To be clear, meal planning does not always mean you have to design a week-long menu for yourself or your family, complete with complicated recipes, ideal snacks and homemade leftovers. Sure, you can do that! Often, I do. However, the point of a meal plan isn’t to become a stay-at-home-chef; it’s to eliminate decision fatigue by preparing foods to nourish our mind-bodies, especially during times of unexpected change, stress or illness, and when committed to a life of wellbeing.
Meal planning also does not have to be complicated, though it can feel that way, at first, as we navigate dietary needs or restrictions, individual preferences, finances, kitchen skills and, importantly, full schedules. If we have many mouths to feed, medications to consider, digestive issues to navigate, picky eating behaviors to attend—and more—it seems crazy to also consider optimizing nutrients in meals and snacks. That’s my job—I help with that. But you still must make the plan.
Years ago, I thought I could build my entire business around teaching people how to meal plan., When I began working with clients, it became that clear hat one of the biggest barriers to eating well or adhering to health goals was lack of meal planning skills. No one teaches us how or why to meal plan—or that it supports wellbeing.
We must eat; it’s the only way to remain alive. Why, then, do we move through life grappling with what to eat, rather than learning skills to make meals easy?
Imagine if carving out time every week to meal plan became as easy as other self-care commitments like attending a yoga class, hiking with friends, strength training and getting eight hours of sleep each night. Imagine the ritual of meal planning could include a favorite beverage, a few deep breaths, and ease of mind. On busier days, imagine the serenity after a few minutes of jotting down some meal ideas with pantry staples before the kids infiltrate the house, hangry with low blood sugar after school and sports. Imagine the energy and worry you avoid when you know exactly what you’re going to eat, if even for the new few meals. No ambiguity; no limbo; no chasm of indecision. Just clarity and readiness, with a strategy to execute.

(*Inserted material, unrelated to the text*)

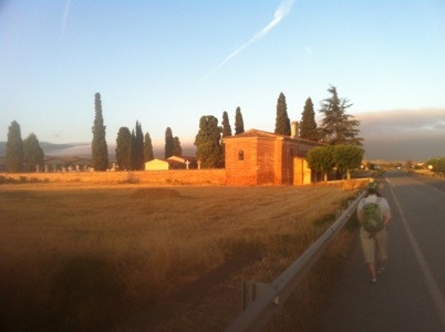 El sol todavía no ha despuntado cuando dejamos a la espalda el casco antiguo de Navarrete, y sopla un viento fresco que si no fuéramos vascos llamaríamos frío. Al poco pasamos junto al cementerio, justo con los primeros rayos, donde podemos ver la portada románica del hospital de San Juan de Acre, rescatada de la demolición del antiguo edificio en el s.XIX. El cielo está casi desppejado, pero al oeste las nubes gris plomo hacen un efecto de iluminación dramática de lo más amenazador. ¿Y si resulta que el tiempo se tuerce? Bueno, no importa, después de todo alguna ventaja tiene que tener cargar con la mochila, donde llevamos las capas de lluvia.

In my humble opinion and, obviously, based on a decade of nutrition guidance, meal planning is a non-negotiable self-care hack to greatly reduce life stressors and, by doing so, also digest food better.
In a nutshell, make meal planning an essential part of your self-care commitments to
1. Create expectations for everyone at home.

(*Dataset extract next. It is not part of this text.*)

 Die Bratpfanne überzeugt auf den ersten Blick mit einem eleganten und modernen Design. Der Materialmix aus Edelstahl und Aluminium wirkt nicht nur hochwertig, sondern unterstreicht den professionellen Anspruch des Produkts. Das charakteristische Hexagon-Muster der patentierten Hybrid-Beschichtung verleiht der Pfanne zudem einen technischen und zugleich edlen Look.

2. Invite mealtime rhythms, rituals and traditions.
3. Alleviate mental and physical anxiety associated with, “What to eat?”
4. Remain dedicated to a healthy diet.
5. Keep meals simple.
6. Mindfully improve relationships with food.
7. Promote metabolism and weight loss.
8. Become part of a healthy lifestyle and family flow.
9. Shift focus onto loved ones.
10. Save money, time and disappointment.